Exercise prompt. With the images removed, return every line below exactly as it reads.

Dataset content.
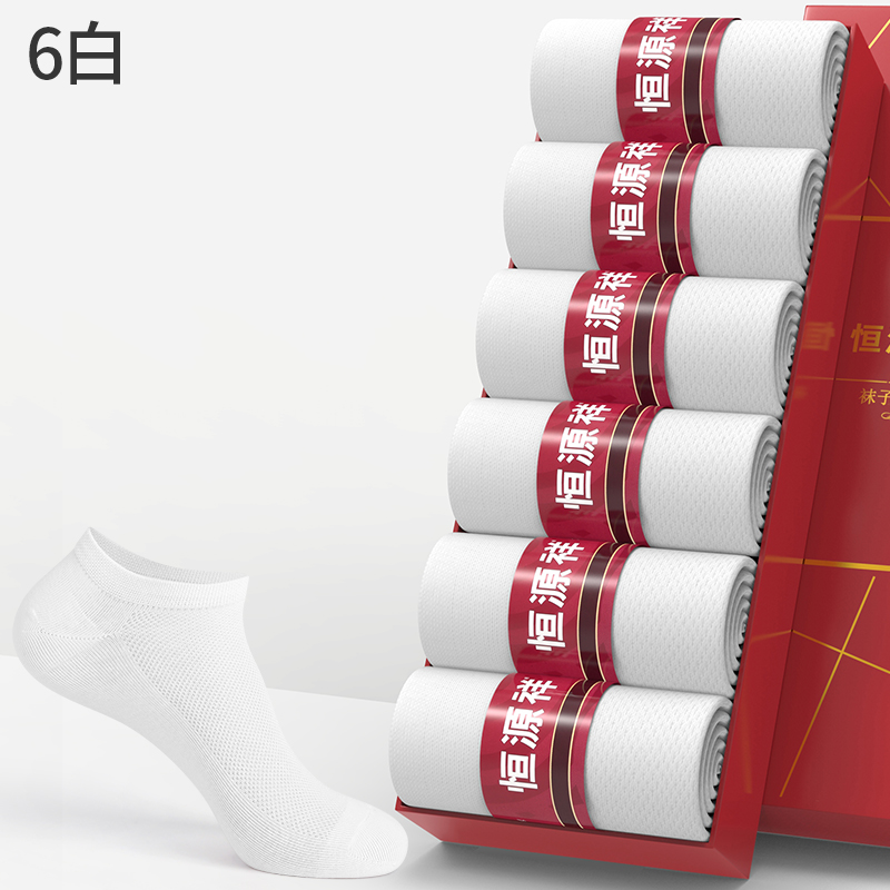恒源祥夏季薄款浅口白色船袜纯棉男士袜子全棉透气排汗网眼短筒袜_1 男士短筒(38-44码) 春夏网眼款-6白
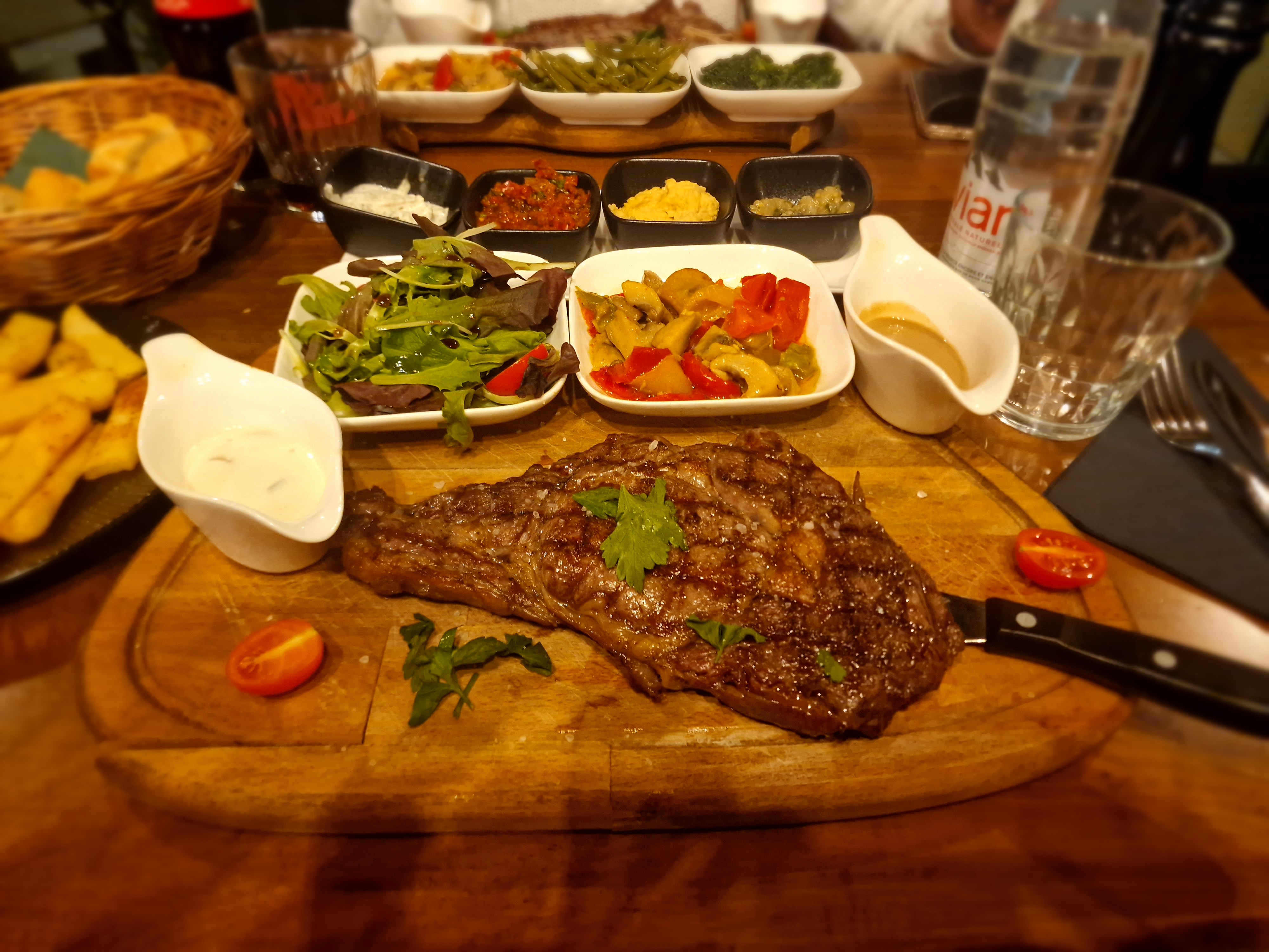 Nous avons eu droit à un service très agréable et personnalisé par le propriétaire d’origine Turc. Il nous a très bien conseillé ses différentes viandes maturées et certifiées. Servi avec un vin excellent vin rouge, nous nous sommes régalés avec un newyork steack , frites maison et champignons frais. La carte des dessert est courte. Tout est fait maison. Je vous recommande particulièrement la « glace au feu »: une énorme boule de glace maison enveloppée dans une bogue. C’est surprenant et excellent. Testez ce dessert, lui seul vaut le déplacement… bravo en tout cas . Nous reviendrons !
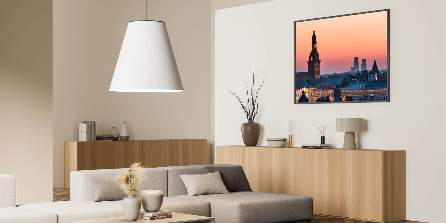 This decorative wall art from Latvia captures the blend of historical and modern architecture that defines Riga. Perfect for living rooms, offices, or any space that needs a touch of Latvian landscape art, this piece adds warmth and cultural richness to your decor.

Result of this exercise.
恒源祥夏季薄款浅口白色船袜纯棉男士袜子全棉透气排汗网眼短筒袜_1 男士短筒(38-44码) 春夏网眼款-6白
 Nous avons eu droit à un service très agréable et personnalisé par le propriétaire d’origine Turc. Il nous a très bien conseillé ses différentes viandes maturées et certifiées. Servi avec un vin excellent vin rouge, nous nous sommes régalés avec un newyork steack , frites maison et champignons frais. La carte des dessert est courte. Tout est fait maison. Je vous recommande particulièrement la « glace au feu »: une énorme boule de glace maison enveloppée dans une bogue. C’est surprenant et excellent. Testez ce dessert, lui seul vaut le déplacement… bravo en tout cas . Nous reviendrons !
 This decorative wall art from Latvia captures the blend of historical and modern architecture that defines Riga. Perfect for living rooms, offices, or any space that needs a touch of Latvian landscape art, this piece adds warmth and cultural richness to your decor.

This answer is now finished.